March 15, 1943 ~ January 11, 2022

Born in: Bryan, Texas
Resided in: Bryan, Texas

Oliver Wayne Sadberry, Jr., son of O.W. Sadberry, Sr., and Sylvia (Sealey) Sadberry, was born in Bryan, Texas, March 15, 1943. After elementary school, his parents sought to send their son to a military high school, but he was not allowed to attend segregated Allen Military Academy in Bryan. Instead, he attended St. Emma Military Academy in Powhatan, VA, where he excelled in electronics and graduated high school with honors.

In the U.S. Air Force, Sadberry was member of Strategic Air Command. In 1971, he graduated from Texas A&M University and traveled with the National Science Foundation-funded Polar Research Project to the Antarctic. From 1975 until 1984, he was Assistant Executive Director for Human Services at Brazos Valley Development Council and Area Agency on Aging. Social advocate and civic leader, Sadberry became a driving force for historical collection and archival preservation of fading legacies. Contributor to the 2012 Bryan Blues Festival Book, celebrating area “Blues” history, Sadberry was a talented jazz saxophonist.

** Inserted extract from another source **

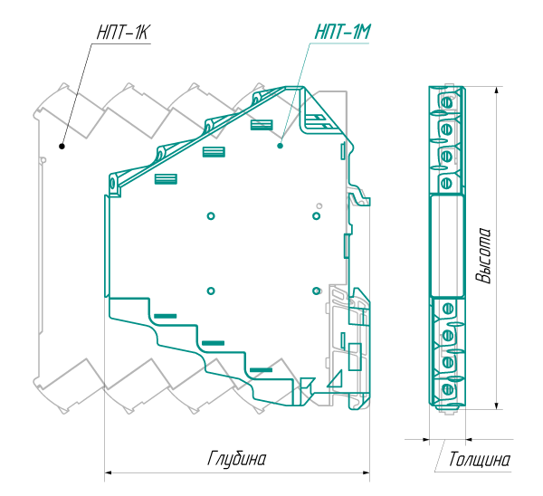 Корпус стал толще, чем у НПТ-1К и составил 12 мм, однако, увеличив толщину, мы смогли уменьшить длину и высоту, что позволит устанавливать их на DIN-рейку в шкафы меньшей глубины и не будет мешать установке других устройств (рис. 4).

Sadberry’s passion for family history dates back to 1979, working on The Sadberry Family Album, inspired by his great aunt, Sedalia (Sadberry) Williams. In 1981, for his publication, with the help of his wife and daughter, Sadberry secured a U.S. Copyright Seal that placed him among the elite U.S. family historians, leading to an eventual 16-year professional role at the Brazos Valley African American Museum (BVAAM) as curator, historical researcher, exhibition designer, oral historian, media spokesperson, acquisitions director, educational events coordinator, and collections and special programs manager. When Sadberry compiled the exhibition commemorating the City of Bryan’s 150th Anniversary, which opened May 7, 2016, he said his aim was to guarantee the inclusion of the contributions made by African Americans to the development of Bryan. He contributed oral history about his father to the effort.

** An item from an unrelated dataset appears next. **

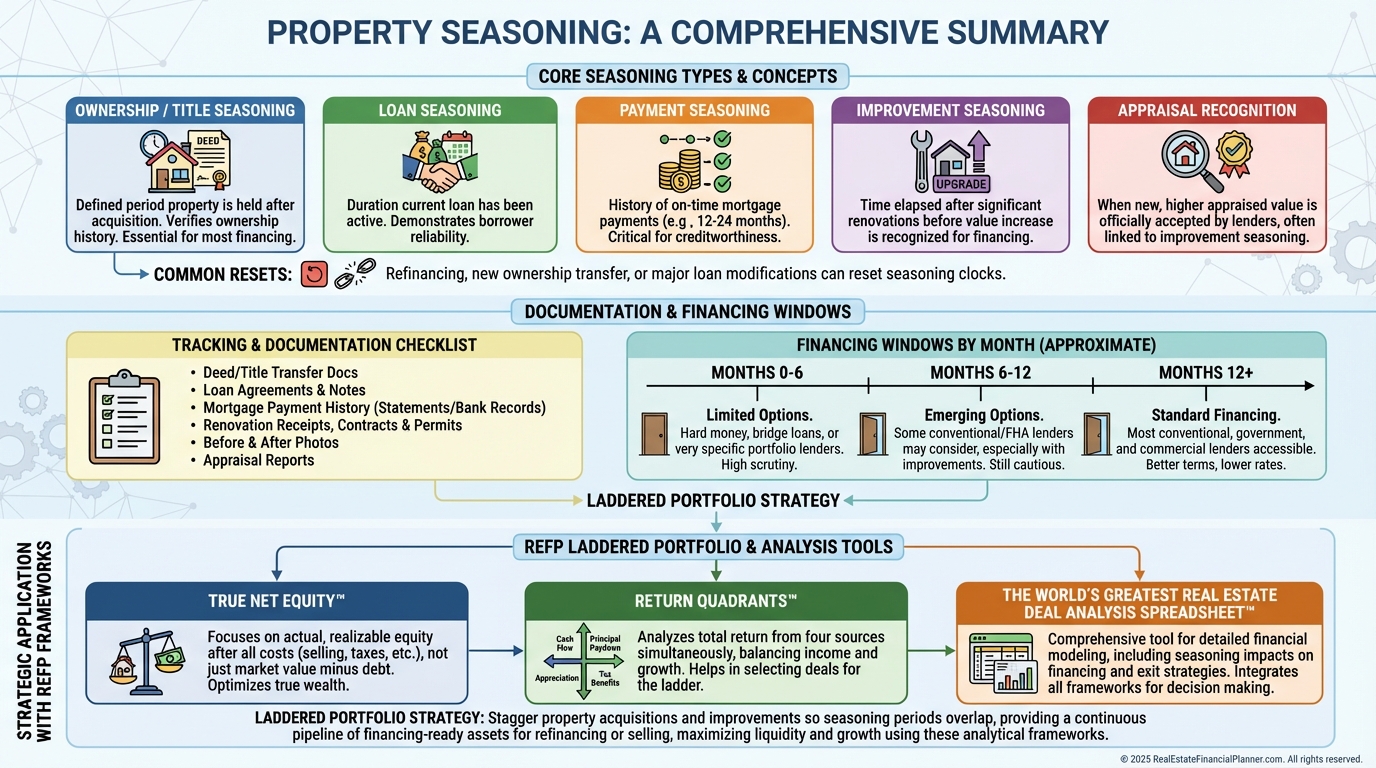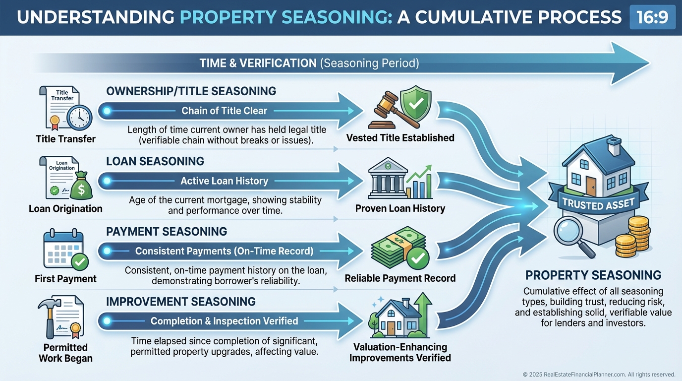 Property seasoning is the minimum time a lender or the market wants to see before recognizing your improved value or allowing certain loans.

In his BVAAM role and participation on the City of Bryan’s Carnegie History Center Committee, Brazos Valley Speaks (BVS), Sadberry worked with national organizations—George H.W. Bush Presidential Library & Museum, Smithsonian in Washington DC; National Endowment for the Humanities; regional and state historical societies, such as TAMU Cushing Library and University of Texas Briscoe Center—engaging Bryan citizens in history and bringing to them multidisciplinary exhibitions, educational opportunities and multicultural experiences. In 2021, his health forced his departure from BVAAM. In 2020, however, Sadberry had already assembled a team to assist in his most ambitious venture, the Prof. O.W. Sadberry, Sr., Archive, dedicated to his father. He was confident his passion for saving fading legacies would continue when he said, “Once the train leaves the station, there is no turning back.”

Oliver Wayne Sadberry, Jr., died January 11, 2022, at Lampstand Nursing and Rehabilitation Center in Bryan, where staff called him their “hero.” In addition to his parents, Sadberry is preceded in death by his sister, Ethel Conchita Sadberry Crenshaw and his daughter, Heather Feronberg, who had assisted him in creating exhibitions until her death January 9, 2019. He is survived by his sister, Dr. Halcyon (Sadberry) Watkins of San Antonio, Texas; his granddaughter, Jaden Twitty, nephew, Anthony Neal, nephew Ed Crenshaw, niece, Shane Watkins, and nephew, Russell Watkins, Sr. Wayne also leaves behind many grieving relatives, friends, colleagues and loyal supporters, who will never let his legacy fade.

Funeral Services for Oliver Wayne Sadberry, Jr., will be held Monday, January 17, 2022, at 11:00 A.M., followed by a reception at Callaway Jones, 3001 S. College Ave., Bryan, Texas.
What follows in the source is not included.